今は店も大きくなったので弟子が料理をしている。
「何ですかー!もー!やってられませんよー!もー!私だって好きで町に留まってる訳でも無いのに皆して文句ばっかりー!」
「はぁー……すっかり出来上がってるねぇ。それアルコール入って無いのに」
「はぁー?何言ってんですかぁ?私シードル頼んだじゃないですかぁ、分かります?リンゴのお酒ですよ、シードルはぁ」
メニュー表にそう書いてあったんだから間違い無い。
リンゴのスパークリングワインって書いてあったもん。
「コロンちゃん…そもそもお酒飲んだ事無いでしょ?それはただのリンゴジュース。ジュース出されても気付かずに飲んでる時点でお酒はまだ早い」
「なん…だと…通りで飲みやすくて美味いと…お酒なんて所詮こんなものか、なんて思って大人の仲間入りした気分でいたのに…酷い。アカツキさん酷い」
「注文と違うもん出したのは悪かったな。そのリンゴジュースは俺の奢りだ」
「わーい、アカツキさんやさしー」
「変わり身早えなぁおい」
「美味しいジュースがタダで飲めましたから。…ところで、アカツキさんは魔王について何か知ってる事あります?もしくはこの町からこっそり出る方法とか」
「さぁねぇ、魔王の事なんて知らねぇし、町を出る方法にしたってなぁ、魔物の奴ら荷馬車の中まで確認するし、ちょっと思いつかねぇなぁ」
「そっか、まぁ…そうですよね」
「他の客にも聞いてみたらどうだ?」
「そうしますかねぇ」
店内を見渡した時、本来なら目立たないはずの隅のテーブルに目を奪われてしまった。
テーブルは目立たないが座っている三人組がやたら目立っていた為だ。
一人は薄灰色の大きな三角帽子とマントを纏った女の子。
一人はくたびれた大きな黒色のローブを纏った大人の男性。
一人はフードを不自然に膨らませて被っている私よりも少し歳上くらいの男性。切れ長な目付きとか風格あってけっこう格好良い部類なのに、不自然に膨らんだフードがダサい、果てしなくダサい。全てを台無しにしている。

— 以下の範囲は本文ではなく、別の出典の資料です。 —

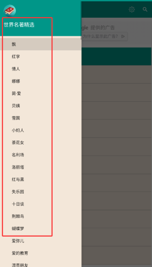 1、启动世界名著精选APP后,点击左上角的目录图标,展开完整的书籍分类列表。

何なのあのフード、角でも隠してるの?…角?オーガ?いやいや、まさかね、流石にオーガなら体格で気付くし、魔物が町の中まで入って来た事は今まで一度も無い。
……じゃあ…あの人達何なんだろう?
話しかけてみよう…かな?
レベルとかステータスの概念はあまり気にしなくてOKでございます。
町人よりは強いけど町を包囲する魔物には手も足も出ない。ということだけ伝わればな、と!